(Data items)
▬▬▬

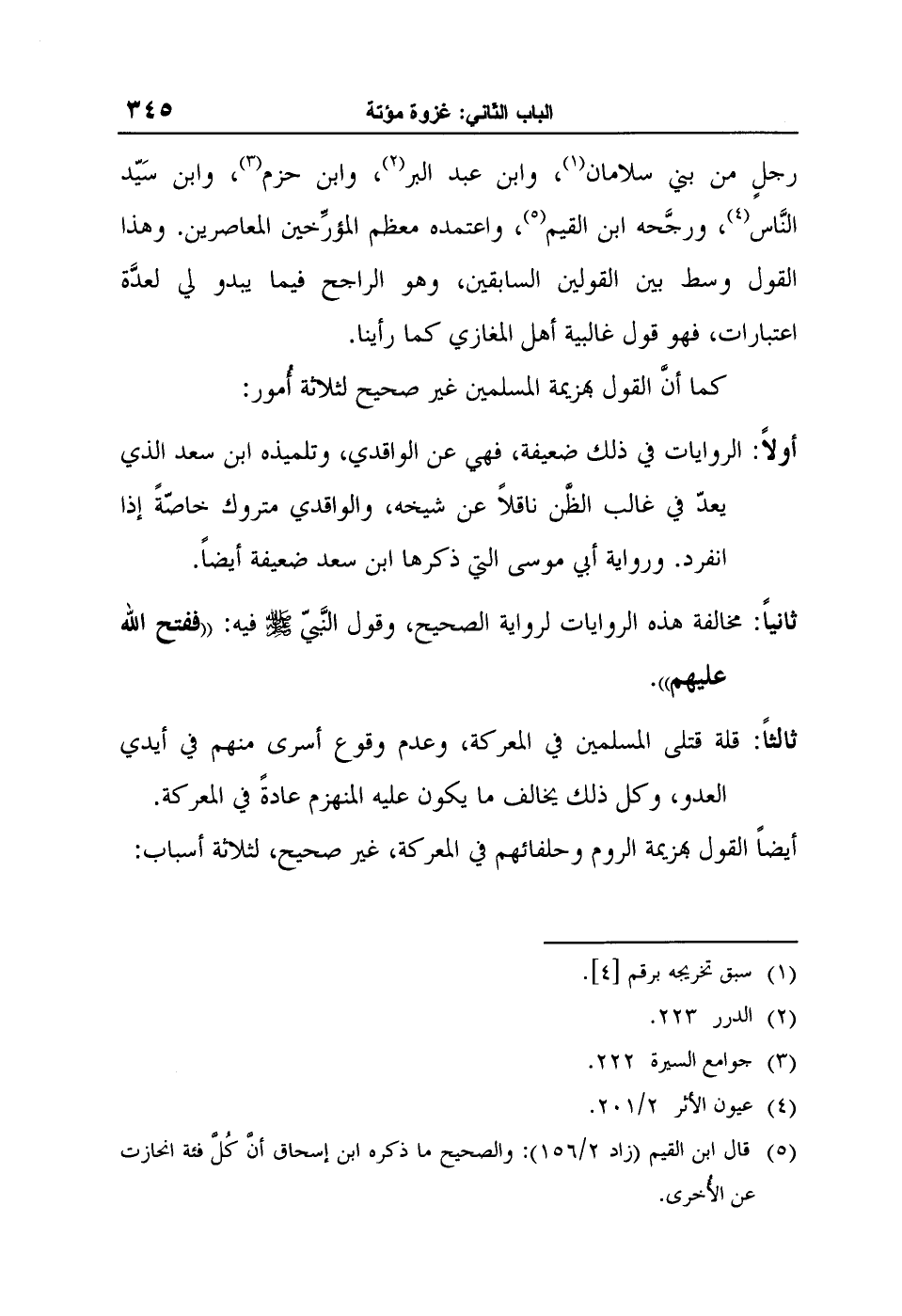 رجلٍ من بني سلامان1، وابن عبد البر2، وابن حزم3، وابن سَيّد النَّاس4، ورجَّحه ابن القيم5، واعتمده معظم المؤرِّخين المعاصرين. وهذا القول وسط بين القولين السابقين، وهو الراجح فيما يبدو لي لعدَّة اعتبارات، فهو قول غالبية أهل المغازي كما رأينا.
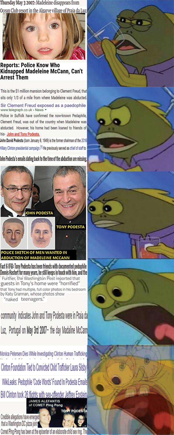 …they were just exposed to have been HARVESTING YOUR CHILDREN FOR MONEY AND POWER AT INDUSTRIAL SCALE. We can all agree such a crime is worthy of the harshest punishments.A nice time for anon to pull out the ability to investigate and meme using weaponized autism :-)Who knows, on the other side of this, old oldfags may be canonized, or given seats at a round table. I’m fighting to the death if necessary.
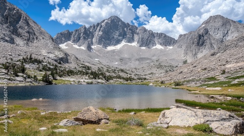 © Sampao, Naklejka premium Majestic rocky mountains towering over a calm blue lake reflecting the sky.
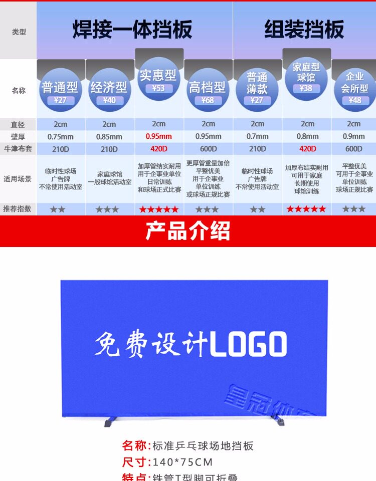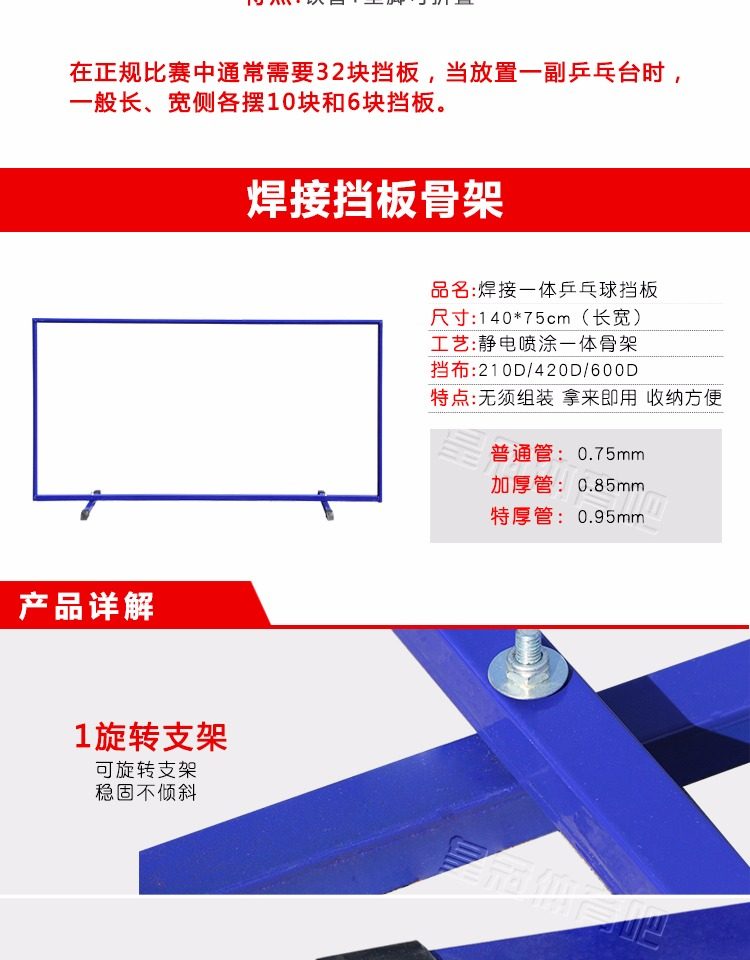 商品名称:乒乓球场地围栏挡板 厚管+厚布(单位:块)
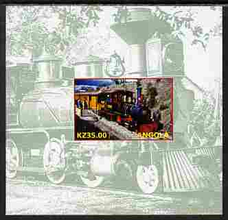 Angola 2001 Walt Disney Railraod #01 individual imperf sheet with country name & value in yellow, background in green, unmounted mint
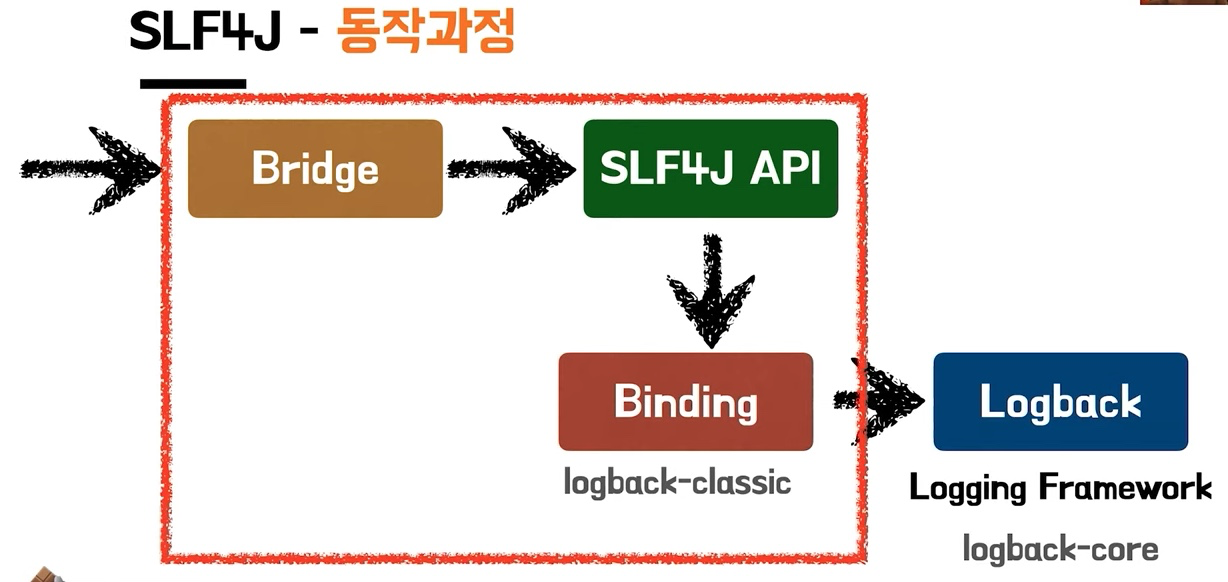 - 의존성을 추가해서 라이브러리를 깔아두면, slf4j 에 맞는 구현체를 찾아서 바인딩합니다.
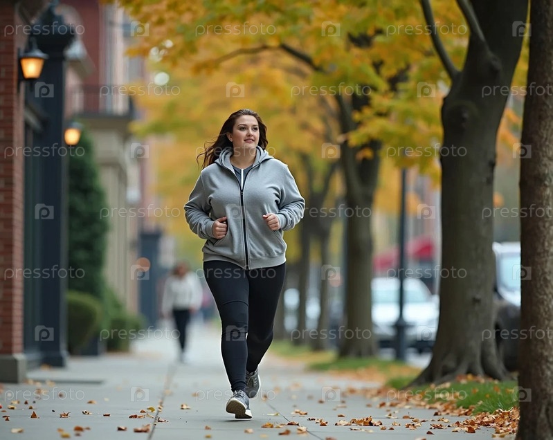 Толстая женщина в спортивном костюме бежит по тротуару в городе
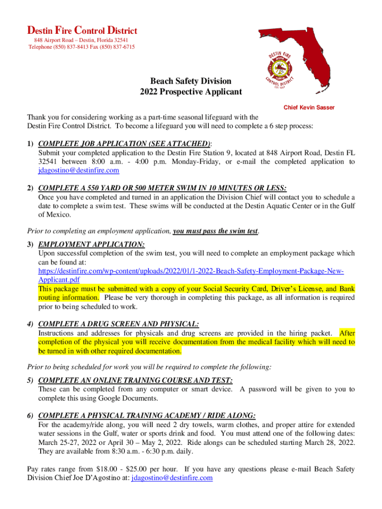 Destiny Fire Control District 848 Airport Road Destiny, Florida 32541 Telephone (850) 8378413 Fax (850) 8376715Beach Safety Division 2022 Prospective Applicant Chief Kevin SasserThank you for considering
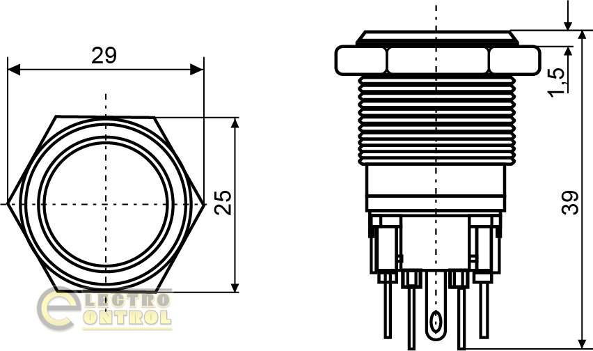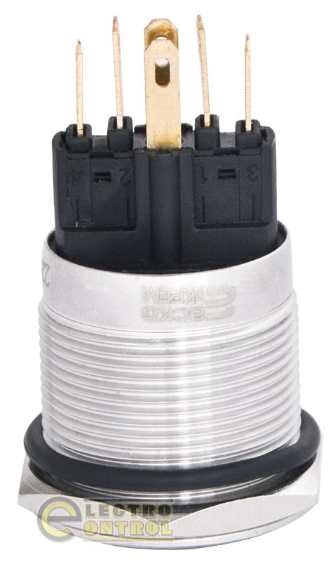 Кнопка Аско-Укрем A0140010136 TYJ 22-371 металева пласка з фіксац. 1NO+1NC з підсвічуванням червона 220V
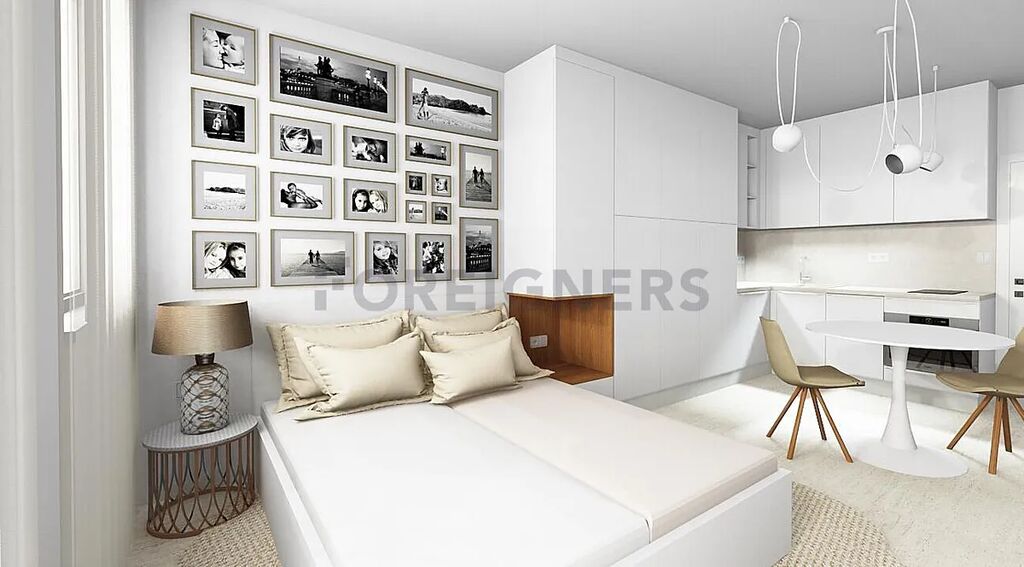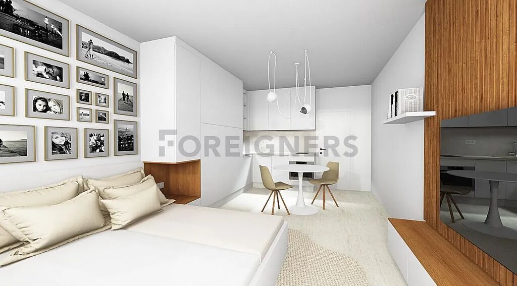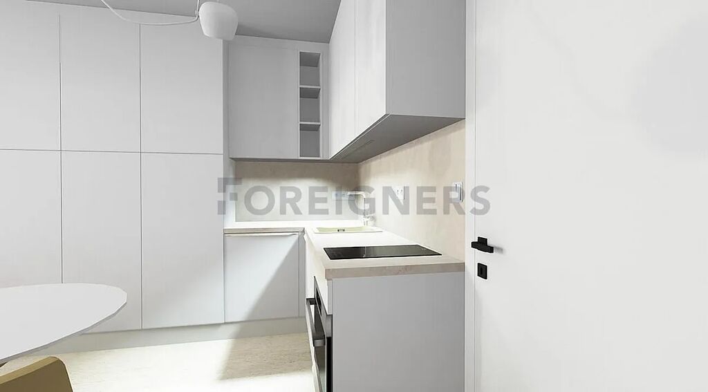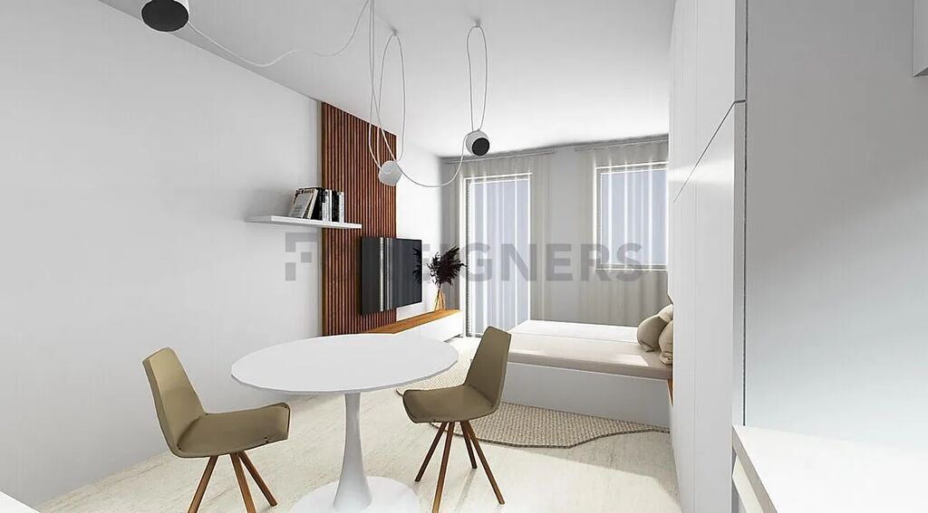 Hlavní část bytu tvoří světlý obývací pokoj s kuchyňským koutem a vstupem na balkon. Kuchyňská linka je vybavena vestavnými spotřebiči – lednice, myčka, indukční deska, digestoř, mikrovlnná trouba a dřez. V obytné části je prostor pro jídelní stůl, židle, TV skříňku a postel (bez matrace), nechybí ani vestavěné skříně a úložné prostory.

▬▬▬

_About this task_:
From the line with "Толстая женщина в" down to the final line of the entries above, repeat each line exactly; omit the pictures.

_Exercise solution_:
 Толстая женщина в спортивном костюме бежит по тротуару в городе
 Destiny Fire Control District 848 Airport Road Destiny, Florida 32541 Telephone (850) 8378413 Fax (850) 8376715Beach Safety Division 2022 Prospective Applicant Chief Kevin SasserThank you for considering
 Кнопка Аско-Укрем A0140010136 TYJ 22-371 металева пласка з фіксац. 1NO+1NC з підсвічуванням червона 220V
 Hlavní část bytu tvoří světlý obývací pokoj s kuchyňským koutem a vstupem na balkon. Kuchyňská linka je vybavena vestavnými spotřebiči – lednice, myčka, indukční deska, digestoř, mikrovlnná trouba a dřez. V obytné části je prostor pro jídelní stůl, židle, TV skříňku a postel (bez matrace), nechybí ani vestavěné skříně a úložné prostory.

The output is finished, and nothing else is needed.